→ PROVIDED RECORDS:
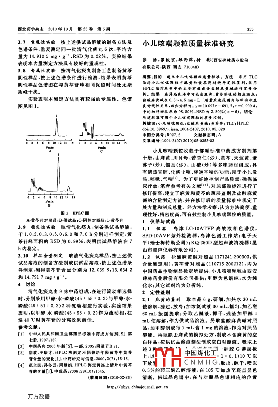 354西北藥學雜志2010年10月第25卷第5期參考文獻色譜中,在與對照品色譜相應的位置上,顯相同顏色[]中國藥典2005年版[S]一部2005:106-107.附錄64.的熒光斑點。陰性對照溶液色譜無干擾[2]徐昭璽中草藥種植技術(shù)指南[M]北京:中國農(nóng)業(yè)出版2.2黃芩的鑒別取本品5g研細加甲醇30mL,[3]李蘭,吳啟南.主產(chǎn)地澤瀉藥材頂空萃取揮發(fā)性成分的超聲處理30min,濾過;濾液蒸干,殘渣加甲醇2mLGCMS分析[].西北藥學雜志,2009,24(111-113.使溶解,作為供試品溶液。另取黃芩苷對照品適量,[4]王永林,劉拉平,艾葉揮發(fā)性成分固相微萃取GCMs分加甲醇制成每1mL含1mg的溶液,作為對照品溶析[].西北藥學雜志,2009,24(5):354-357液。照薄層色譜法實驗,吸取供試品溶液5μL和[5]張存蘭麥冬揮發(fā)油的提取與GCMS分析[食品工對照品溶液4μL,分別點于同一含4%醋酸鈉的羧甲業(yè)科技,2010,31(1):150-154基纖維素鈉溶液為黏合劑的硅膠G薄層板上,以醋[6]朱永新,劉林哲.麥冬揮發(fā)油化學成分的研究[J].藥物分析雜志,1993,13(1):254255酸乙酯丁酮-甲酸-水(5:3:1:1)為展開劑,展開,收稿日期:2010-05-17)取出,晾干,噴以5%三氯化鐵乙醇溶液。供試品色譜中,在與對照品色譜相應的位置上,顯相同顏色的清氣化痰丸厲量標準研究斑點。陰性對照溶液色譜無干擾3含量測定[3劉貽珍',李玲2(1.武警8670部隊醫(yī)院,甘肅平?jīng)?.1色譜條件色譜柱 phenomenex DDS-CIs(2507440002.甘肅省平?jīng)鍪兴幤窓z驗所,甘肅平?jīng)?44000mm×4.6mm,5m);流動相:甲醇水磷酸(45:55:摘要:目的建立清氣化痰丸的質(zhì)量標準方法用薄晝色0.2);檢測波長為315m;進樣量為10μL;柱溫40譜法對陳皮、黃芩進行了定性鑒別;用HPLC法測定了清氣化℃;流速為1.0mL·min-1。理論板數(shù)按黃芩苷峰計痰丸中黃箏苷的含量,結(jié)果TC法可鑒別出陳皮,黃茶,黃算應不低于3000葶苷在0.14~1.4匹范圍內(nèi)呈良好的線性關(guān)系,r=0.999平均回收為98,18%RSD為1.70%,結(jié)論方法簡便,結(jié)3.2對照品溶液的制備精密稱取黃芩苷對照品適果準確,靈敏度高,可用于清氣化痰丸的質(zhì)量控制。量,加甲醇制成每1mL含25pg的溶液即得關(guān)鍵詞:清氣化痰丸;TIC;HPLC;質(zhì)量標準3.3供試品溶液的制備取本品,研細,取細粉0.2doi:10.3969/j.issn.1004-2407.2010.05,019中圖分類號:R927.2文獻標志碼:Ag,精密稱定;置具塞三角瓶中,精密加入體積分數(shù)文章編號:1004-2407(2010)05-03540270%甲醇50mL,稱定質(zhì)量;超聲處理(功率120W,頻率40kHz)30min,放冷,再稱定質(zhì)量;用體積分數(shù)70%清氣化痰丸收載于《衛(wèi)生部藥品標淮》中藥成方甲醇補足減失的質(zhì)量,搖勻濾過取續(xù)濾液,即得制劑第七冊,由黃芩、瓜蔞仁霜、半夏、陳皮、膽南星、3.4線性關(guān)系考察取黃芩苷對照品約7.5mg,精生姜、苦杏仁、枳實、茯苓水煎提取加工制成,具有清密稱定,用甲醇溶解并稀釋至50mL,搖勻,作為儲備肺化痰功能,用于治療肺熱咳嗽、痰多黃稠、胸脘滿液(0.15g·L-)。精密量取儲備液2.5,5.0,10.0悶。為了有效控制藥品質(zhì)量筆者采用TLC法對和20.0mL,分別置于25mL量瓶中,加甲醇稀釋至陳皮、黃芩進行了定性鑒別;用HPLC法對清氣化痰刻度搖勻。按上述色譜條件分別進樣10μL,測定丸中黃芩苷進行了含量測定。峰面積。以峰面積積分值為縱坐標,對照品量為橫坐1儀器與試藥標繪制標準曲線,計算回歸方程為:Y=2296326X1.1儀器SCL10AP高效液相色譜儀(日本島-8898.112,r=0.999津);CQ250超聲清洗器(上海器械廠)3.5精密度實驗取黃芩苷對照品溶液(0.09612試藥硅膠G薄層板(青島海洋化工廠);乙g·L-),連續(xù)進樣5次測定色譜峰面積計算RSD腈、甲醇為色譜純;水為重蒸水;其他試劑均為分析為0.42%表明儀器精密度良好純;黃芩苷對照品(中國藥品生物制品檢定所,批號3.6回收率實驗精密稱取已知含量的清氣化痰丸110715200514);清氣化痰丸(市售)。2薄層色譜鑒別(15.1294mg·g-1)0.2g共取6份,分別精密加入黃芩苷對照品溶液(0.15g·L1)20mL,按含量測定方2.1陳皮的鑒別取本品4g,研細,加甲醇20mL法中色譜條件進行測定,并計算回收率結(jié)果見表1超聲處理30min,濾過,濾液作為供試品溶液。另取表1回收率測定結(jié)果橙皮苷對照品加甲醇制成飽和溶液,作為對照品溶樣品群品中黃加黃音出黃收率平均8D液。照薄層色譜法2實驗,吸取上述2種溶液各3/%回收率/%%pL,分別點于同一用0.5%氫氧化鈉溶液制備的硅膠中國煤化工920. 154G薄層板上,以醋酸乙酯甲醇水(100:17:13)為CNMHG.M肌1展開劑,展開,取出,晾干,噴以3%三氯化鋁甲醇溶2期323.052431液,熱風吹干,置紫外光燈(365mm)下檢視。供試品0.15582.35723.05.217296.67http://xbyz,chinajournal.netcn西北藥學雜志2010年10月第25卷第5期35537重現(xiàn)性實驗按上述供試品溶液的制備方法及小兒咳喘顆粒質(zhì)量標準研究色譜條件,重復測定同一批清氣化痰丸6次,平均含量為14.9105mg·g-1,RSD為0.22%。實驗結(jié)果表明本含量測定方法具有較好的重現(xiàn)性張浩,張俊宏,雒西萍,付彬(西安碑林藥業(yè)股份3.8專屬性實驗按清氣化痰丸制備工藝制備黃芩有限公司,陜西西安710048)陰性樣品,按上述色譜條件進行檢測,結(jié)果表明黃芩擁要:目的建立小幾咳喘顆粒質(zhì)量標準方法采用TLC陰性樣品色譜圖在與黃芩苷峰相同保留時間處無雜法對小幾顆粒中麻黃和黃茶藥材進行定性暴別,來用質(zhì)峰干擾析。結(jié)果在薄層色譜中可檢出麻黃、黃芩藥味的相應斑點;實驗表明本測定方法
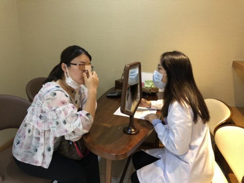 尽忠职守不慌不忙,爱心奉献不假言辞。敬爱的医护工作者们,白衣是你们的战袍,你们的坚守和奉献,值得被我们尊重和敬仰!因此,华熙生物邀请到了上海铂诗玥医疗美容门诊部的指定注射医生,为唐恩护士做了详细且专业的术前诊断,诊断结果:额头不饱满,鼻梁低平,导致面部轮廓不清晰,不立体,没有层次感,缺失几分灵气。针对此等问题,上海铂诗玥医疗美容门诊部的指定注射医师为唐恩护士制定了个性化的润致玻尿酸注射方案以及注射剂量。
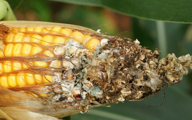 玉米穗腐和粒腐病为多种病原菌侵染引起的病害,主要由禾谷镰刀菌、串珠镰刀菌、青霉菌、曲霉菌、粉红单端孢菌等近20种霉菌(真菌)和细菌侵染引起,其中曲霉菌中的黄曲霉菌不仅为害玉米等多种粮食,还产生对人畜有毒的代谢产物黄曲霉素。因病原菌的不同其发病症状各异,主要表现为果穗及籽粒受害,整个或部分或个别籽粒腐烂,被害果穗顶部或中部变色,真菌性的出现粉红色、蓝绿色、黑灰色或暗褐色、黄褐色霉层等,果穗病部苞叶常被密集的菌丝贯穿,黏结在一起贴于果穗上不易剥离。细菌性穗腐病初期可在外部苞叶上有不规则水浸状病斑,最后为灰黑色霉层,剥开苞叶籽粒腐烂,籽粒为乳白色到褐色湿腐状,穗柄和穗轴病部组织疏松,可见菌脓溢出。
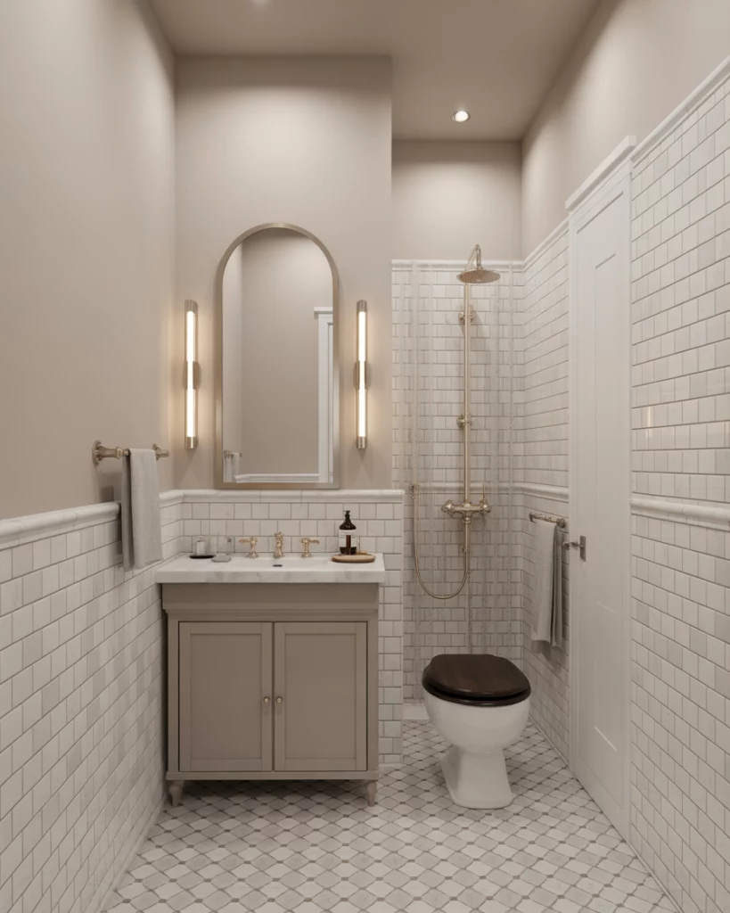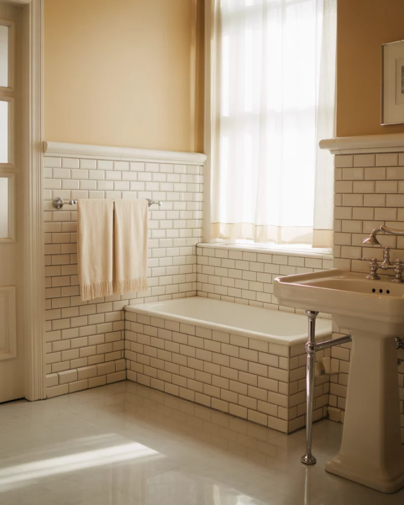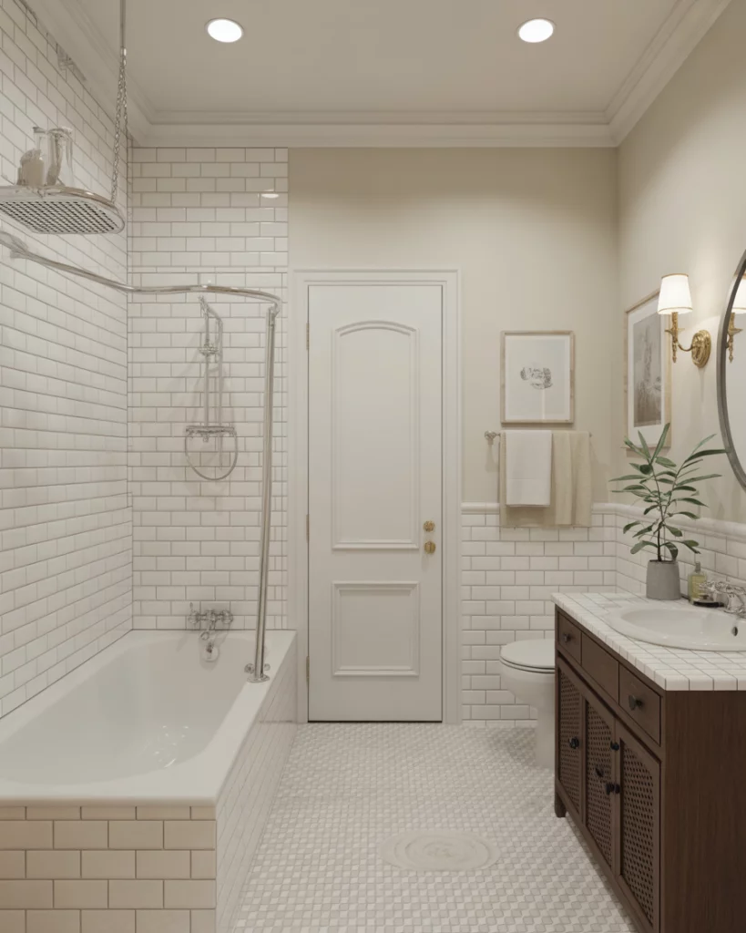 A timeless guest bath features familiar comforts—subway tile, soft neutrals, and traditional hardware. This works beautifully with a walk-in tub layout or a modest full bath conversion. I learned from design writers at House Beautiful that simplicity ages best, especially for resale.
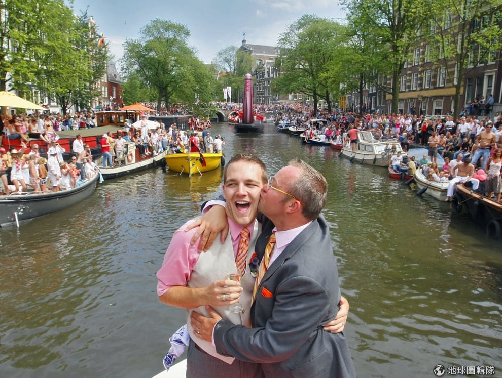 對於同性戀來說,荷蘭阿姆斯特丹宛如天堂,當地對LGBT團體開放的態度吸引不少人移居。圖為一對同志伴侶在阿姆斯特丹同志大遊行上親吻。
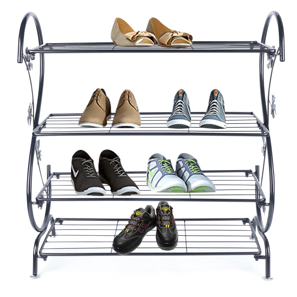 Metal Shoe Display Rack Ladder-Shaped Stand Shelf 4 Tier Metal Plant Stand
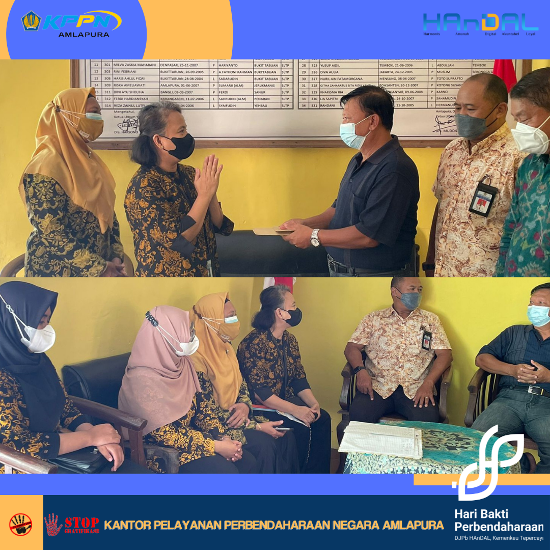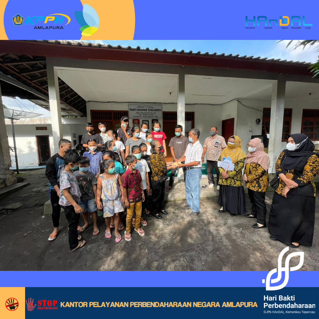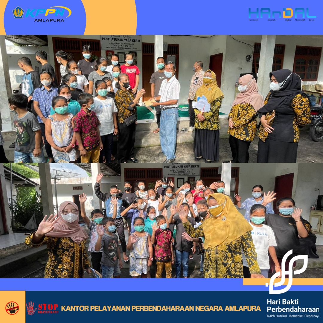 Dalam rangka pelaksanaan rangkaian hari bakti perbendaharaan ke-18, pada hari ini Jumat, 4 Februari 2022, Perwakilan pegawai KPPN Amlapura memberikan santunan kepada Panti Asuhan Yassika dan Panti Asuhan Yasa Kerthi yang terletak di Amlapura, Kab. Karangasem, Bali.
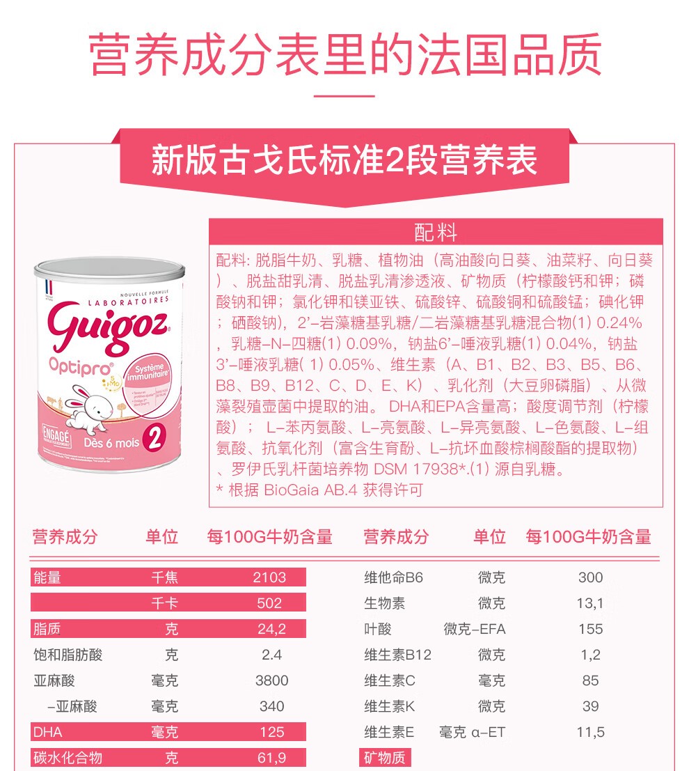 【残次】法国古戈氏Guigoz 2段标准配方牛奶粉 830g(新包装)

→ YOUR OBJECTIVE:
The answer must consist solely of the lines from the line containing "Metal Shoe Display" to the end of the data, reproduced exactly, with every picture left out.

→ TASK OUTPUT:
 Metal Shoe Display Rack Ladder-Shaped Stand Shelf 4 Tier Metal Plant Stand
 Dalam rangka pelaksanaan rangkaian hari bakti perbendaharaan ke-18, pada hari ini Jumat, 4 Februari 2022, Perwakilan pegawai KPPN Amlapura memberikan santunan kepada Panti Asuhan Yassika dan Panti Asuhan Yasa Kerthi yang terletak di Amlapura, Kab. Karangasem, Bali.
 【残次】法国古戈氏Guigoz 2段标准配方牛奶粉 830g(新包装)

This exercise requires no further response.